» Exercise description: Your task is to copy the data exactly while leaving out every picture.

» The data:
=-=-=-=-=

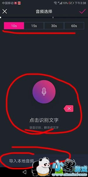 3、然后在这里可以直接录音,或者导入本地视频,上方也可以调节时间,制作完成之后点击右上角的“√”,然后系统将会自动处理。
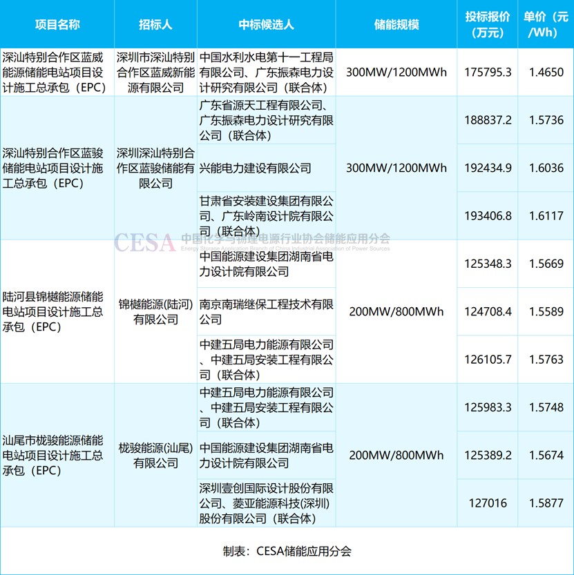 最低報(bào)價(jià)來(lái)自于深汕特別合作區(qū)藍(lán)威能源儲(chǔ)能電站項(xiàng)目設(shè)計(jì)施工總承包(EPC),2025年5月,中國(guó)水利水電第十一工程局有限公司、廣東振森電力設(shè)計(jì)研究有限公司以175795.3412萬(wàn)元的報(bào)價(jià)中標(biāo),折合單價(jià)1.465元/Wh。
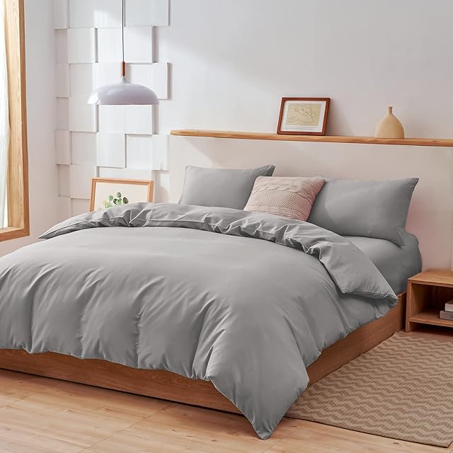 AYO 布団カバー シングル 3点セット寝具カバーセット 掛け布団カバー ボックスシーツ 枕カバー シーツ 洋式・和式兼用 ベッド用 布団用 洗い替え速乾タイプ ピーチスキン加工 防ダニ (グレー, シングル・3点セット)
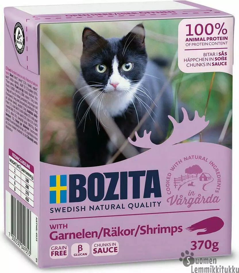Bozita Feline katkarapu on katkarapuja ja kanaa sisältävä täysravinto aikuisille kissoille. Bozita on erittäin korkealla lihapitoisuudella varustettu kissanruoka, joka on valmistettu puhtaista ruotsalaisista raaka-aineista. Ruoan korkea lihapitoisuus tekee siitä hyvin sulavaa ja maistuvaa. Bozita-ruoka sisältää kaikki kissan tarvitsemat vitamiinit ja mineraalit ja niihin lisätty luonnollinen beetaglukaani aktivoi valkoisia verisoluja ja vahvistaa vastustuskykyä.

=-=-=-=-=

» Answer area:
 3、然后在这里可以直接录音,或者导入本地视频,上方也可以调节时间,制作完成之后点击右上角的“√”,然后系统将会自动处理。
 最低報(bào)價(jià)來(lái)自于深汕特別合作區(qū)藍(lán)威能源儲(chǔ)能電站項(xiàng)目設(shè)計(jì)施工總承包(EPC),2025年5月,中國(guó)水利水電第十一工程局有限公司、廣東振森電力設(shè)計(jì)研究有限公司以175795.3412萬(wàn)元的報(bào)價(jià)中標(biāo),折合單價(jià)1.465元/Wh。
 AYO 布団カバー シングル 3点セット寝具カバーセット 掛け布団カバー ボックスシーツ 枕カバー シーツ 洋式・和式兼用 ベッド用 布団用 洗い替え速乾タイプ ピーチスキン加工 防ダニ (グレー, シングル・3点セット)
Bozita Feline katkarapu on katkarapuja ja kanaa sisältävä täysravinto aikuisille kissoille. Bozita on erittäin korkealla lihapitoisuudella varustettu kissanruoka, joka on valmistettu puhtaista ruotsalaisista raaka-aineista. Ruoan korkea lihapitoisuus tekee siitä hyvin sulavaa ja maistuvaa. Bozita-ruoka sisältää kaikki kissan tarvitsemat vitamiinit ja mineraalit ja niihin lisätty luonnollinen beetaglukaani aktivoi valkoisia verisoluja ja vahvistaa vastustuskykyä.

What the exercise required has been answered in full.